Vulnerability Management

Dataflow Analysis in Modern Codebases

Dataflow analysis is the workhorse behind most vulnerability research. Here's how it adapts to TypeScript, Rust, and the polyglot realities of modern software.

Nayan Dey
Senior Security Engineer
8 min read

The workflow of vulnerability research has not changed much in twenty years, but the codebases have. A typical modern application is a TypeScript frontend talking to a Go microservice that calls a Rust compute kernel and persists state through a Python data pipeline. The dataflow analysis techniques that worked well for a single Java monolith in 2005 do not compose cleanly across this stack, and security teams spend a lot of effort figuring out what does.

This post is about what has changed in dataflow analysis since the Livshits and Lam era, and what a practitioner needs to know to do useful work in a modern codebase.

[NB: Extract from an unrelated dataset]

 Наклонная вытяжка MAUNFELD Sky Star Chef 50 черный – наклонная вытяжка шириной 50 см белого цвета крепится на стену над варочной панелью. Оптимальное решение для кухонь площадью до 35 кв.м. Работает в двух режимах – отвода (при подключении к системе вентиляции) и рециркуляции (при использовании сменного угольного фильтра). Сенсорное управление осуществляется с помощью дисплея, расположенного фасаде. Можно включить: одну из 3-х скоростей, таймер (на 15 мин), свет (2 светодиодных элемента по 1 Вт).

It is not a textbook introduction. It is a working practitioner's view of what techniques are doing real work in 2024.

What Dataflow Analysis Actually Does

At its core, dataflow analysis answers questions of the form: "for every point in the program, what do we know about the values of the variables there?" The classic applications are reaching definitions, live variables, and available expressions, which are the bread and butter of optimizing compilers.

For security work, the dataflow questions are usually framed as reachability: "can data from point A reach point B, possibly through a series of transformations?" This is the core of taint analysis, but it also underlies most other security analyses including deserialization gadget search, cryptographic misuse detection, and authorization bypass discovery.

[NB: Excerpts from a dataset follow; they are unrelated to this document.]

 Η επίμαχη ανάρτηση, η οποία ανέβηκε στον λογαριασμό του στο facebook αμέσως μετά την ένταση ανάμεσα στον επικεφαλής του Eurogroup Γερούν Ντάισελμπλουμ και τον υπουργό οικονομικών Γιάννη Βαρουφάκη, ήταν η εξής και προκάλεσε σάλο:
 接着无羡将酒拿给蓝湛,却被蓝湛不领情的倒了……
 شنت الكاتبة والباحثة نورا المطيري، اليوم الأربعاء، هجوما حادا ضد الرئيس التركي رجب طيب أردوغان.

The lattice-theoretic framework from Kildall's 1973 paper, "A Unified Approach to Global Program Optimization," is still the mathematical foundation. Every modern dataflow analyzer is some variation of Kildall's iterative fixpoint algorithm, specialized to a particular lattice and transfer function.

The Shift to Interprocedural Everything

The big shift in the last ten years is that almost all interesting security bugs cross function boundaries. Intraprocedural analyses catch toy examples, but real codebases distribute security-sensitive operations across many files, classes, and services.

Interprocedural analysis comes in several flavors. The oldest is call-string-based context sensitivity, where the analyzer tracks the sequence of calls that led to the current function. This is precise but expensive.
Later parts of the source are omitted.